One advanced alternative we do recommend is to use the function literal_eval from the standard library module ast (as covered in the online docs). ast.literal_eval(astring) returns a valid Python value for the given literal astring when it can, or else raises a SyntaxError or ValueError; it never has any side effect. However, to ensure complete safety, astring in this case cannot use any operator, nor any nonkeyword identifier. For example:

import ast
print(ast.literal_eval('23'))     # prints 23
print(ast.literal_eval('[2,3]'))  # prints [2, 3]
print(ast.literal_eval('2+3'))    # raises ValueError
print(ast.literal_eval('2+'))     # raises SyntaxError

The getpass Module

Very occasionally, you may want the user to input a line of text in such a way that somebody looking at the screen cannot see what the user is typing. This may occur when you’re asking the user for a password.

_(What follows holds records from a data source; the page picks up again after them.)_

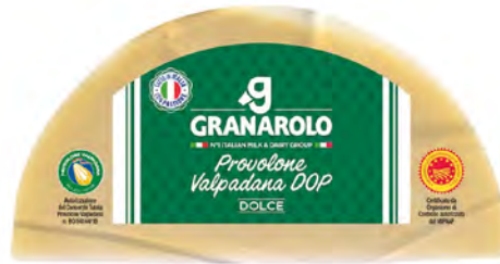
Provolone Cont. Net.: 180g
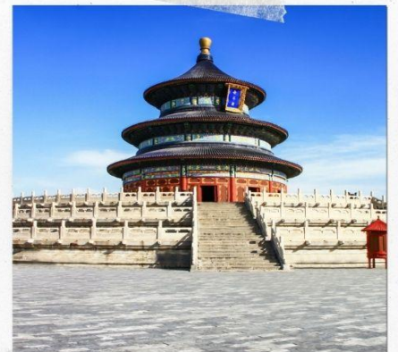
หอบูชาเทียนถาน
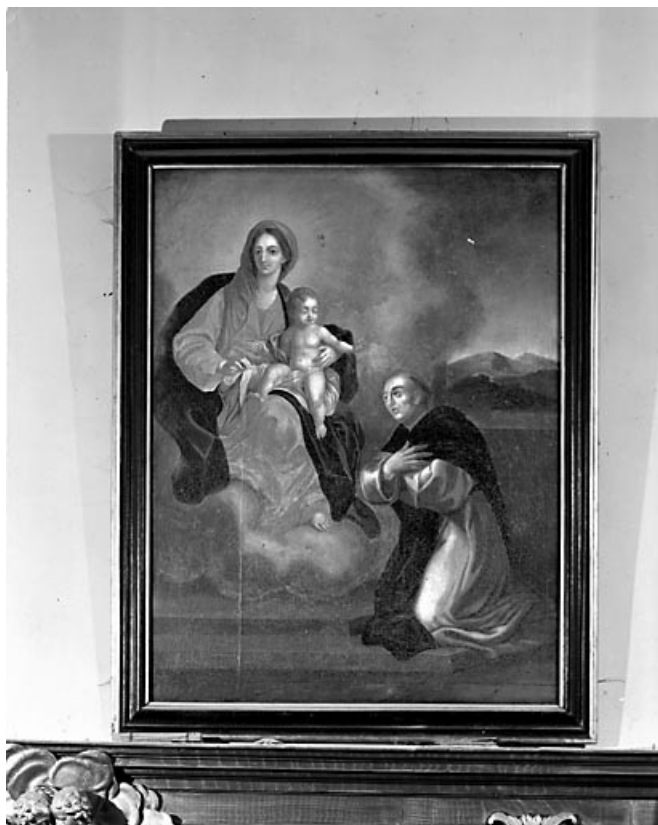
Vue d'ensemble. 70, Montagney
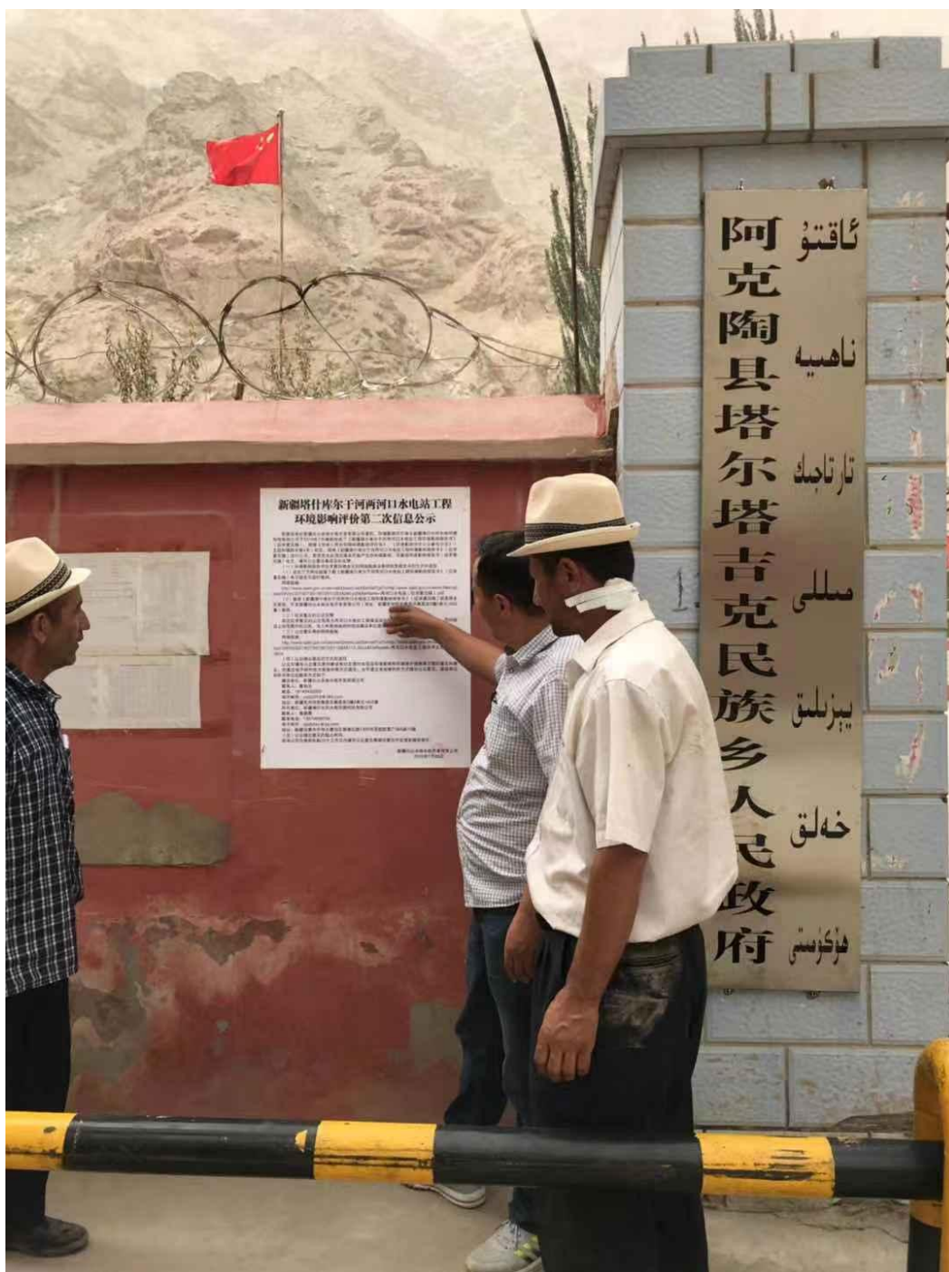
二次公示——张贴公告

在开展网络公示和报纸公示的同时，我单位同步在塔尔乡政府办公地点等公众便于知悉、人流较大的场所张贴了现场公示，张贴区域的选择符合《环境影响评价公众参与办法》的要求。现场公示持续公开日期为 2019 年 7 月 26 日到 8 月 12 日，现场张贴照片见图。

The getpass module provides the following functions:

getpass

getpass(prompt='Password: ')

Like input, except that the text the user inputs is not echoed to the screen as the user is typing. getpass’s default prompt is different from input’s.

getuser

getuser()

Returns the current user’s username. getuser tries to get the username as the value of one of the environment variables LOGNAME, USER, LNAME, and USERNAME, in order. If none of these variables are in os.environ, getuser asks the operating system.

Richer-Text I/O

The tools covered so far supply the minimal subset of text I/O functionality on all platforms. Most platforms offer richer-text I/O, such as responding to single keypresses (not just entire lines) and showing text in any spot on the terminal.

Python extensions and core Python modules let you access platform-specific functionality. Unfortunately, various platforms expose this functionality in very different ways. To develop cross-platform Python programs with rich-text I/O functionality, you may need to wrap different modules uniformly, importing platform-specific modules conditionally (usually with the try/except idiom covered in “try/except”).

The readline Module

The readline module wraps the GNU Readline Library. Readline lets the user edit text lines during interactive input, and recall previous lines for editing and reentry. Readline comes pre-installed on many Unix-like platforms, and it’s available online. On Windows, you can install and use the third-party module pyreadline.

When readline is available, Python uses it for all line-oriented input, such as input. The interactive Python interpreter always tries to load readline to enable line editing and recall for interactive sessions. Some readline functions control advanced functionality, particularly history, for recalling lines entered in previous sessions, and completion, for context-sensitive completion of the word being entered. (See the GNU Readline docs for details on configuration commands.) You can access the module’s functionality using the following functions:

add_history

add_history(s)

Adds string s as a line at the end of the history buffer.

clear_history

clear_history(s)

Clears the history buffer.

get_completer

get_completer()

Returns the current completer function (as last set by set_completer), or None if no completer function is set.

get_history_length

get_history_length()

Returns the number of lines of history to be saved to the history file. When the result is less than 0, all lines in the history are to be saved.

parse_and_bind

parse_and_bind(readline_cmd)

Gives Readline a configuration command. To let the user hit Tab to request completion, call parse_and_bind('tab: complete'). See the Readline documentation for other useful values of string readline_cmd.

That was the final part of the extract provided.